This work addresses conditional independence testing under the Gaussian additive noise model, where the key challenge lies in efficiently estimating the correlation of regression residuals. We propose a test based on the Pearson correlation coefficient computed from these residuals and establish, for the first time, that this estimator achieves semiparametric efficiency within this model, thereby attaining optimal statistical efficiency. An asymptotic inference framework is developed to support the proposed method, and both theoretical analysis and simulations demonstrate that it nearly reaches oracle efficiency—maintaining strict Type I error control while substantially improving statistical power. The method is successfully applied to uncover the conditional dependence structure among U.S. stock returns.

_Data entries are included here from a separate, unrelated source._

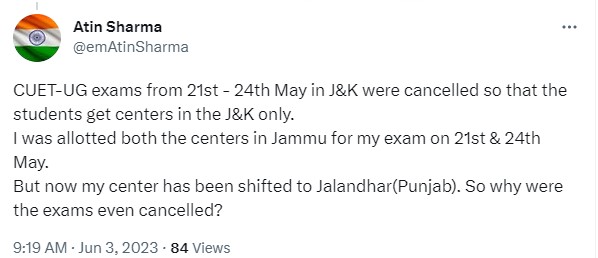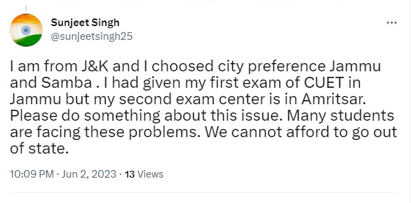 CUET 2023 J&K Candidates Complain Centre Allotment in Different State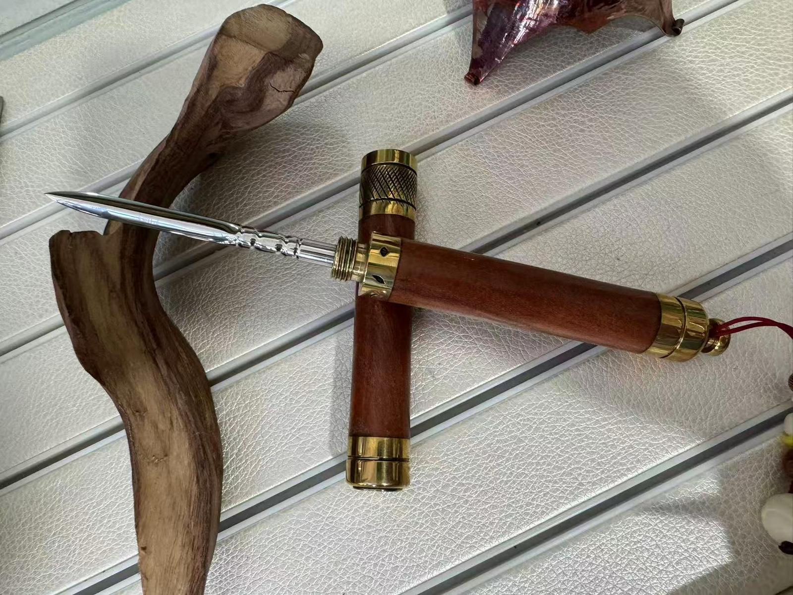 “这次我制作的茶刀能够被海外大学留馆珍藏,是我的荣幸,也是对我的一种肯定,此次赠送的这把茶刀设计灵感来源于少数民族所用的乐器腰鼓,用花梨木黄铜和不锈钢合金的有机组合,把民族文化乐器表现于作品中,整体效果突出,希望海外师生能通过这把小小的茶刀,感受到云南手艺人的温度,了解中国传统工艺的魅力。”纳航章说。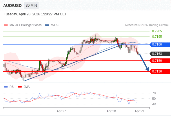 在 0.7180 之下,看跌,目标价位为 0.7150 ,然后为 0.7130 。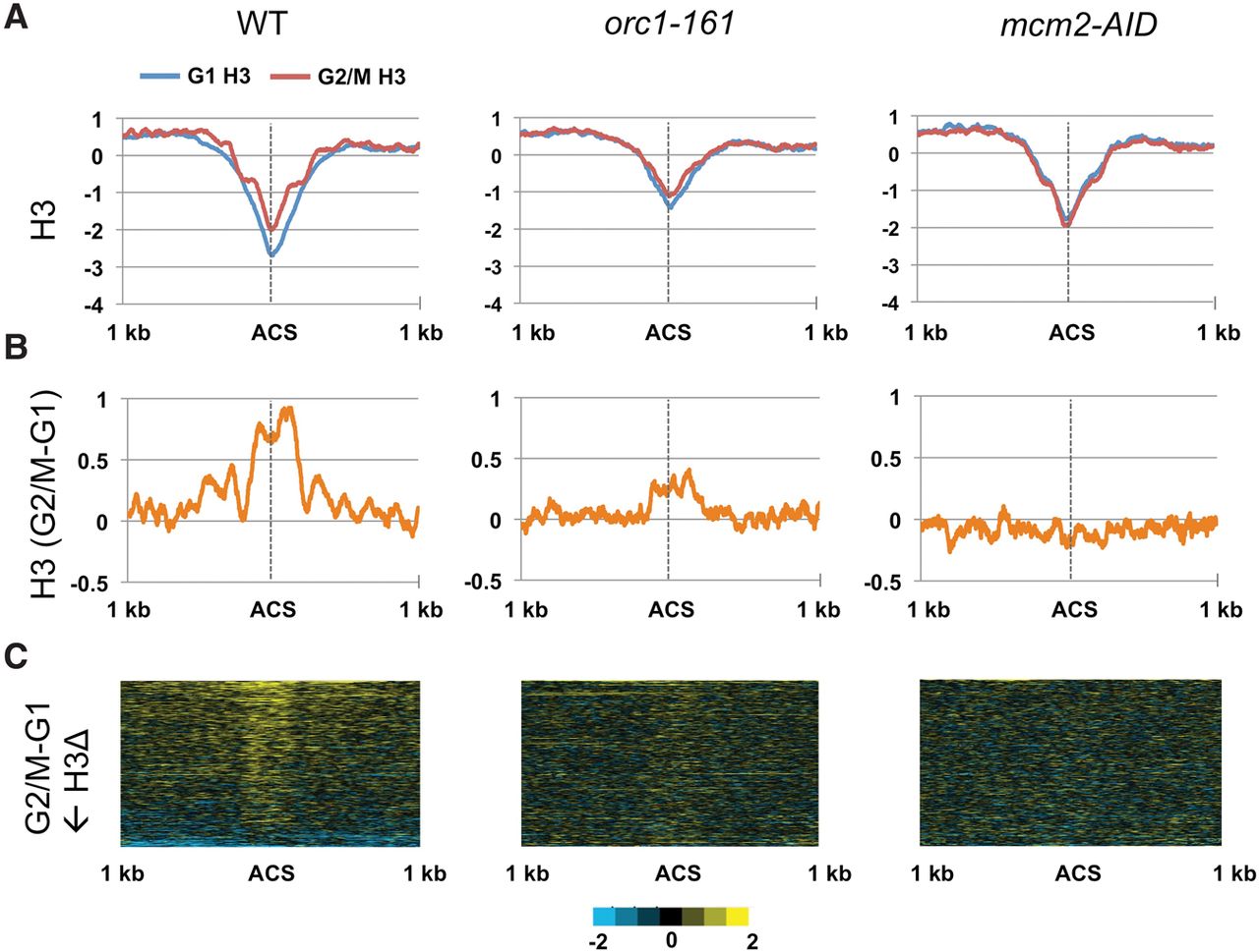 The decrease in nucleosome occupancy around origins from G2/M to G1 is pre-RC dependent. (A) The average nucleosome occupancy around ORC-bound origins in wild type (WT, left), orc1-161 (center), and mcm2-AID (right) cells in G1 (blue) and G2/M (red). (B) The degree of nucleosome loss between G2/M and G1 (log2) in WT (left), orc1-161 (center), and mcm2-AID (right) cells. (C) Heat maps of nucleosome occupancy loss at all ORC-bound origins that are ranked by the degree of the loss between G2/M and G1 in WT (left), orc1-161 (center), and mcm2-AID (right) cells. For the purposes of comparison, wild-type profiles are shown again from Figure 4.

This paper studies conditional independence testing under the Gaussian additive noise model (GANM), where two variables are modeled as nonlinear functions of covariates with independent bivariate Gaussian regression errors. Under this framework, conditional independence can be characterized by the correlation coefficient of the regression errors, which motivates a test based on the Pearson correlation coefficient computed from the fitted residuals. Despite its simple form, the asymptotic behavior and statistical efficiency of the resulting test have not been well understood. In this paper, we develop the semiparametric efficiency theory under GANM and show, surprisingly, that the efficient estimator coincides exactly with the ordinary residual Pearson correlation estimator. We further establish the asymptotic properties of the proposed test and develop the corresponding inference procedure. Simulation studies demonstrate that the proposed method achieves near-oracle efficiency and competitive empirical power while maintaining valid Type I error control. We further apply the proposed test to conditional dependence analysis of U.S. stock returns.